Declan’s report also asserts that fluoride found in waterways and sludge, was a pollutant harmful to aquatic ecosystems and was also known to be toxic to trout and other especially juvenile salmon. Such findings were particularly of concern for a nation heavily dependent on agriculture and food production yet despite all the data produced no environmental impact assessment had been carried out.
‘Is it acceptable for the Government of Ireland to continue to conduct what amounts to an uncontrolled experiment on its own people ?’, asks Declan who has written to An Taoiseach, the Minister for Health, the Chief Medical Officer and others on the matter.
Summing up, Declan Waugh says: ‘Clearly, the only sensible, pragmatic, scientific, moral and legal approach is to end the policy of water fluoridation immediately. Failure to do so in light of the findings of this report, would represent a gross failure of responsibility and political leadership’. Declan’s report can be viewed at http://www.enviro.ie/risk.html.
Fluoridation in Ireland dates back to legislation enacted in 1960 (1967 in Cork), The Southern Star contacted the Department of Health and its press office issued the following statement: ‘The Forum on Fluoridation, which reported in 2002, advised that the fluoridation of piped public water supplies should continue as a public health measure. One of the recommendations of the Forum was to amend the Regulations regarding fluoridation of public water supplies to redefine the optimal level of fluoride in drinking water from 0.8 to 1.0 parts per million (ppm) to between 0.6 and 0.8 ppm. Regulations were introduced in 2007 to give legal effect to this change.

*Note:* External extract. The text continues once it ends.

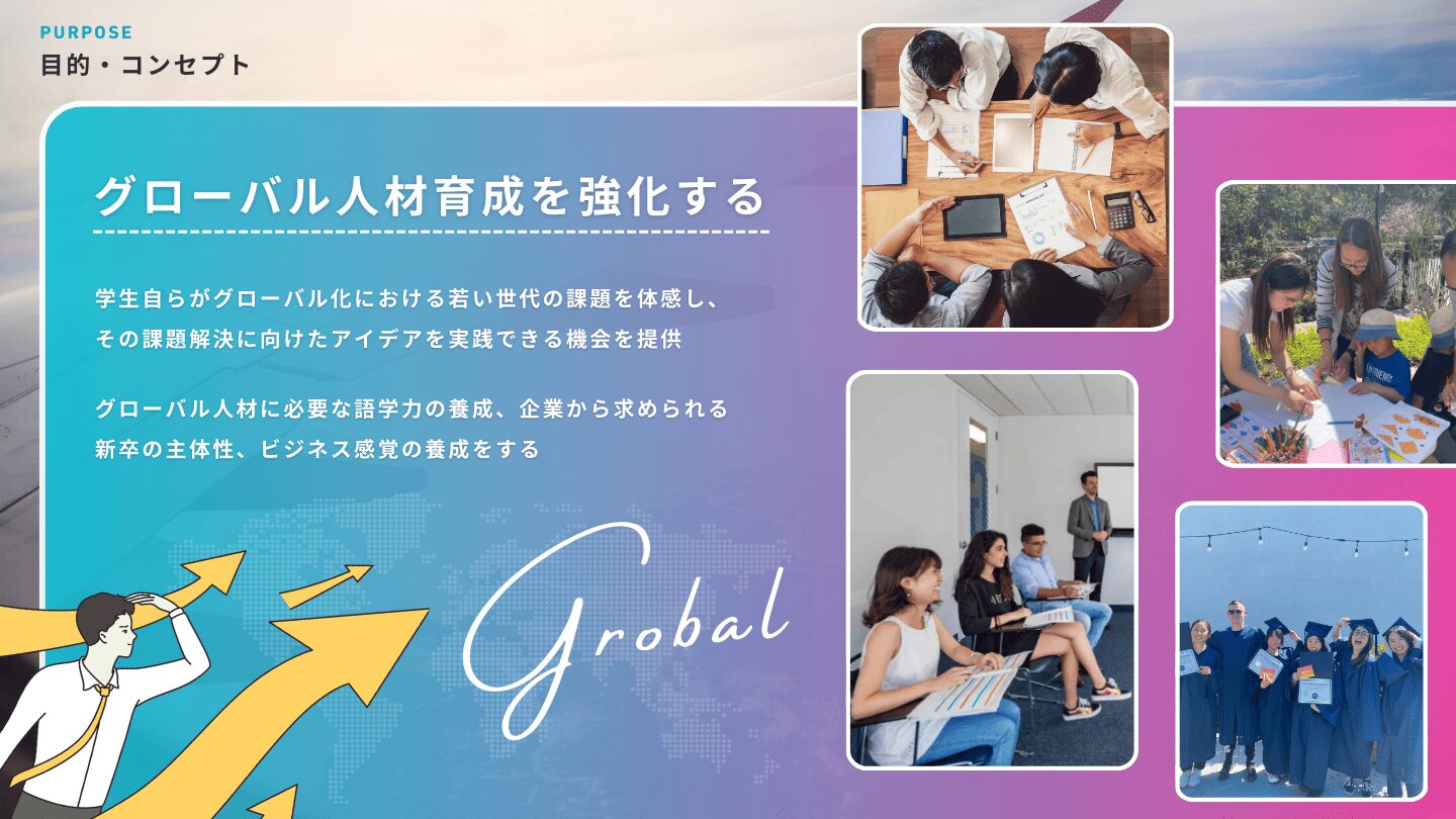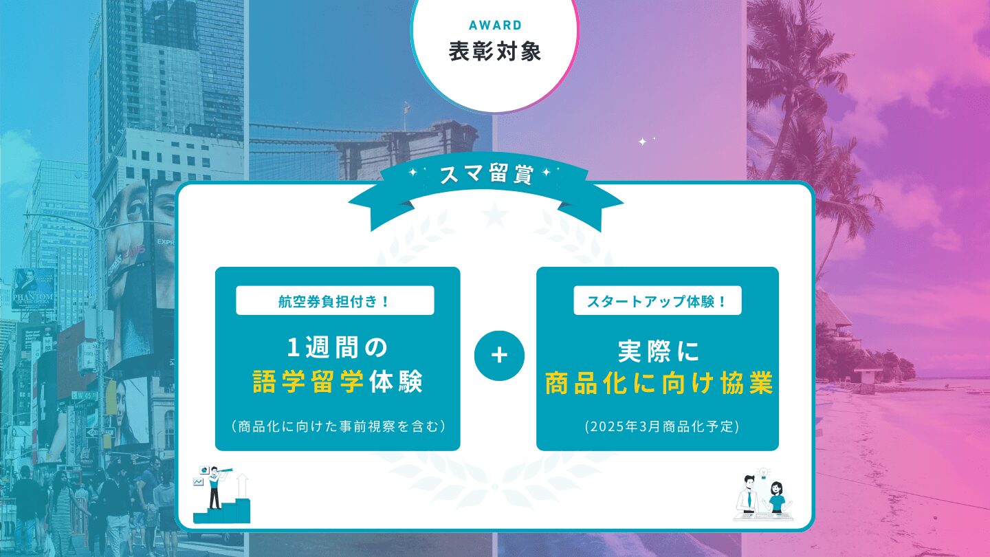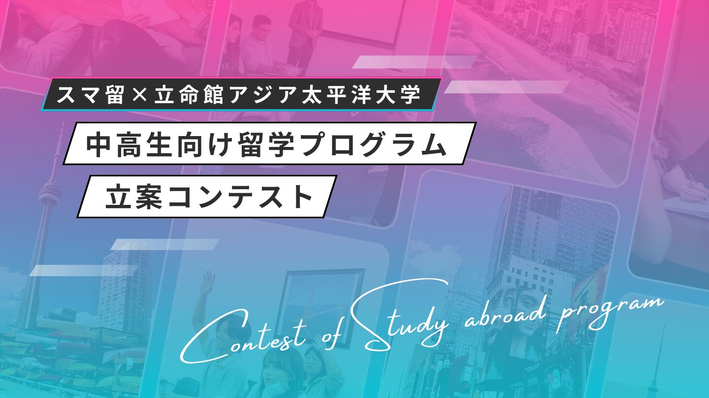 スマ留が手がける中高生向け留学プログラムの立案コンテストの資料を制作。若い世代が自ら留学プログラムを企画するユニークな取り組みを、視覚的にわかりやすく整理。コンテストの目的や参加メリット、応募方法を明確にし、中高生が挑戦したくなるようなワクワクするデザインに仕上げました。

‘The Irish Expert Body on Fluorides and Health, established in 2004, advises that the balance of scientific evidence worldwide confirms that water fluoridation, at the optimal level, does not cause any ill effects and continues to be safe and effective in protecting the oral health of all age groups. The report of the EU Scientific Committee on Health and Environmental Risks (SCHER), published in June 2011, has not made any findings of negative health or environmental effects concerning fluoridation of water. There are no plans to discontinue the policy of fluoridation of public water supplies, which continues to make an effective contribution to oral health in Ireland’, the Department added.